Despite my best efforts to stay focused on the blessing of sharing life and love with a godly husband for 13 years, my thoughts kept returning to the fact that he’s no longer here and to how much I lost when the Lord called him Home.
It didn’t help that I couldn’t find the last Valentine’s card Ray gave me, the one I pull out each year to remind me how he felt about us. I knew exactly where it was supposed to be, but I found only an empty envelope. Dreary weather and spending the day alone deepened my melancholy.
By the time I crawled into bed that night, I was downright dismal. Unfortunately, my mood didn’t improve while I slept. A text from my daughter saying they wouldn’t be at church made me consider not going either. After all, tears were still flowing easily, and there would be no hugs from my grandchildren to ease my loneliness.
But I went.
Corporate Worship
As my adult daughters will tell you from childhood experience, I don’t take skipping church lightly. In-person, corporate worship is a duty and a privilege, ordained by God. Not only are we to praise Him and be cleansed, fed, and renewed by His word, but we’re also to encourage our brothers and sisters in Christ.
Simply being together, hearing one another’s voices raised in song, prayer, and praise, is encouraging (Colossians 3:16). I knew I had to get there. I had to be with my covenant family.
It certainly wasn’t the first time feeling low nearly kept me at home, but whenever I’ve made the effort to go, regardless of how I felt, I’ve never regretted it. Time and again, being with God’s people has reminded me that I’m not alone, ever, and has lifted me out of my sadness.

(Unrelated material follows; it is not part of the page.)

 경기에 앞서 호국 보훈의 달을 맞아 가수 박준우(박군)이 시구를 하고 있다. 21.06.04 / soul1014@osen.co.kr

Last Sunday was no different. When first one sister in Christ and then another asked how I was, I answered honestly, “Not great.” Hugs followed my admission. One friend in particular didn’t shy away from the tears that flowed as I told her how hard it is to be without Ray, not just on Valentine’s Day, but every day.
Love One Another
But God didn’t stop there. In His over-and-above way, He provided more love from my covenant family in the form of a cheerfully decorated bag filled with homemade cookies and cards from the youth.
As I thanked one of the youth leaders on my way out, she told me they’d encouraged the kids to empathize with the recipients of the treats, those in our congregation who no longer have their spouses, and that some had gone deep in expressing their sentiments. Such was the case with the young man who wrote the note in my card. He shared several pertinent verses (Psalm 68:5, Deuteronomy 31:6, and Matthew 28:20b), then added a personal message that included, “Your earthly half may be gone, but your heavenly One isn’t, nor will He ever be gone.”

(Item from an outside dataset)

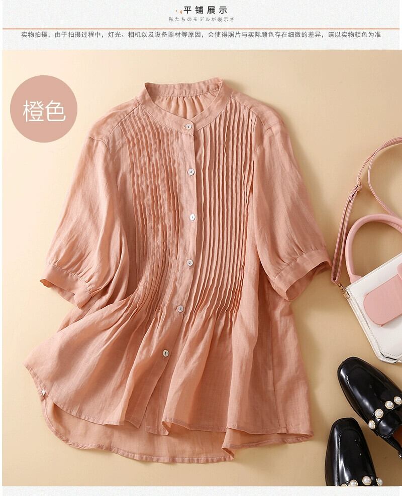 ショッピングモール クリアランス クリアランス レディース アコーディオン プリーツ ファット トップス カジュアル 大きいサイズ コットンとリネン シャツ 半袖シャツ 大きめサイズ sine48115528434

By the time I got in my car to head home, my mood had completely changed. Adam isn’t the only one for whom solitude wasn’t good. God made us for community, and last Sunday He loved me well through my brothers and sisters in Christ.
Epilog
Unlike last week, I eagerly got ready to attend church this morning, anticipating being with my covenant family. I smiled when I saw that our Scripture reading included the following:
And let us consider how to stir up one another to love and good works, not neglecting to meet together, as is the habit of some, but encouraging one another, and all the more as you see the Day drawing near (Hebrews 10:24-25, emphasis mine).
It felt like an exclamation point to the gratitude I’d been feeling all week for the kindness I received, kindness that turned my tears into joy.
So, dear reader, show up! Maybe you’re the person who needs a hug, but more importantly, you might be the person God will use to give a hug to someone like me!